Asking for Help (and the Hidden consumer)

B

Brandon Maggiano

@bmaggiano
Asking for Help (and the Hidden consumer)
The Setup

This week, my teammate and I were deep in the weeds trying to figure out why data was flowing from PowerSchool → Central, but not from PowerSchool → Canvas. We had part of the puzzle—some diagrams, a few assumptions, and just enough context to feel like we could piece it together.

So we dove in. We traced logs, checked adapters, and confirmed configurations. Everything looked right. But users still weren’t syncing into Canvas.


The Turning Point

After a couple hours, it started to feel like we were just spinning our wheels. You know that moment when you’ve stared at something so long you start doubting your own sanity? Yeah, that was us.

Eventually, we did the thing engineers are notoriously bad at: we asked for help.

Within ten minutes, someone pointed us toward a piece of the system we didn’t even know existed — a consumer sitting between the adapter and Canvas that we had completely overlooked.
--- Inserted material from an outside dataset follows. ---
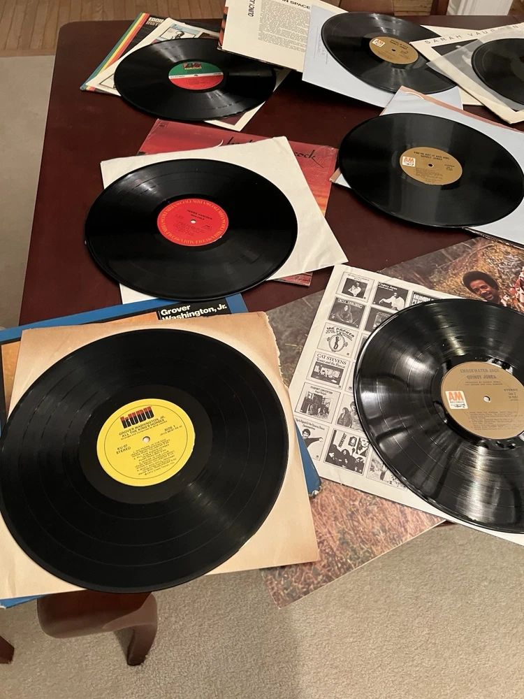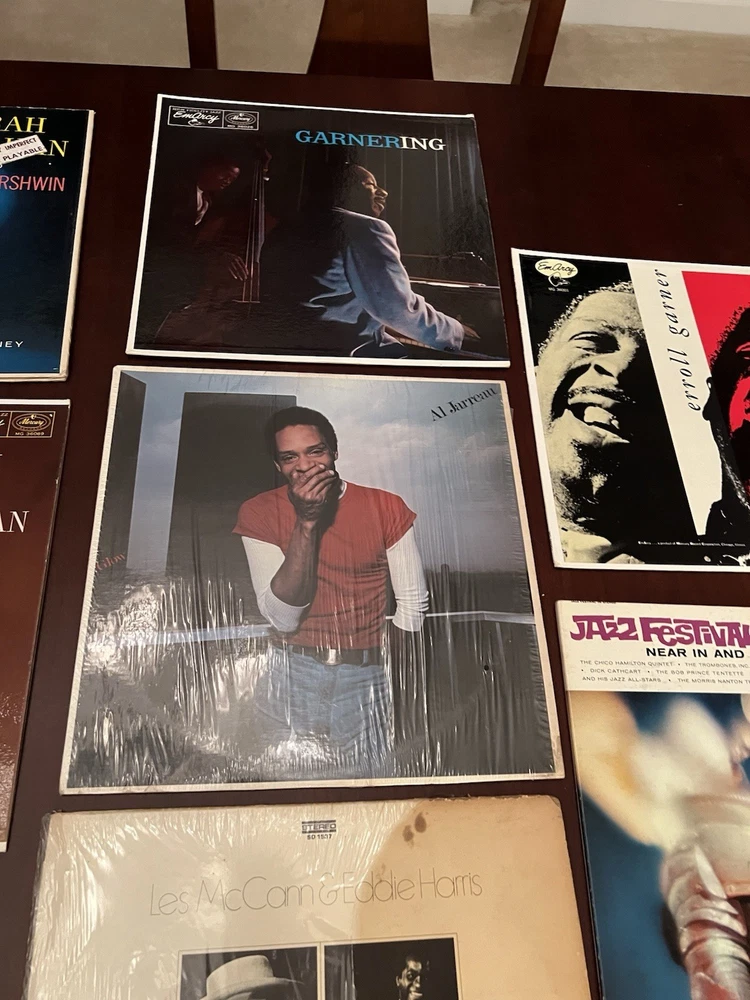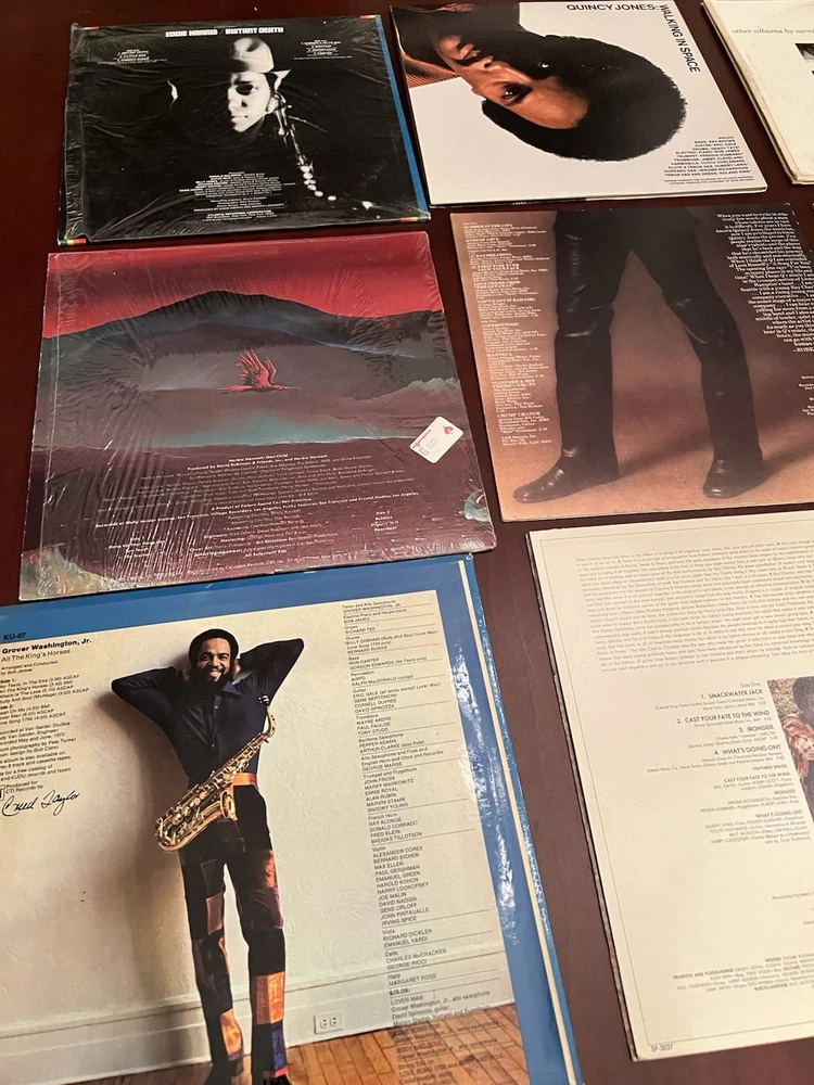 This lot of 16 vintage vinyl albums features various jazz artists such as Herbie Hancock, Eddie Harris, Al Jarreau, and Quincy Jones, among others. The records are in LP format with a 33 RPM speed and made of vinyl material. The albums come in a cardboard sleeve case type with a 12" record size. The music is in English and falls under the jazz genre, making it a valuable addition to any jazz music collection.

Suddenly, everything clicked.

Once we saw that missing piece, the full flow made sense: PowerSchool → Consumer → SQS → Adapter → Canvas. From there, the fix was easy—and soon, users were flowing through like they should’ve been all along.


The Lesson

Looking back, we did our due diligence. We time-boxed our investigation, explored our hypotheses, and reasoned through what we knew. That’s part of being an engineer.

But there’s a fine line between digging in and digging a hole. Sometimes, the best debugging tool isn’t puts or byebug—it’s another person’s perspective.

Asking for help isn’t a sign of weakness. It’s a way to learn faster and get unblocked sooner. It’s collaboration in action.


Paying It Forward

Later that same day, a different coworker ran into the exact same issue. This time, we were the ones helping them connect the dots. It felt good to return the favor—and it made me realize how quickly knowledge spreads when people are willing to reach out.

You don’t lose credibility by asking for help. You build it by sharing what you’ve learned.


Looking Back

Engineering isn’t just about writing code or fixing bugs. It’s about piecing together complex systems—both technical and human. Sometimes, the missing piece isn’t buried in a log or hidden behind an API. Sometimes, it’s sitting one chair away.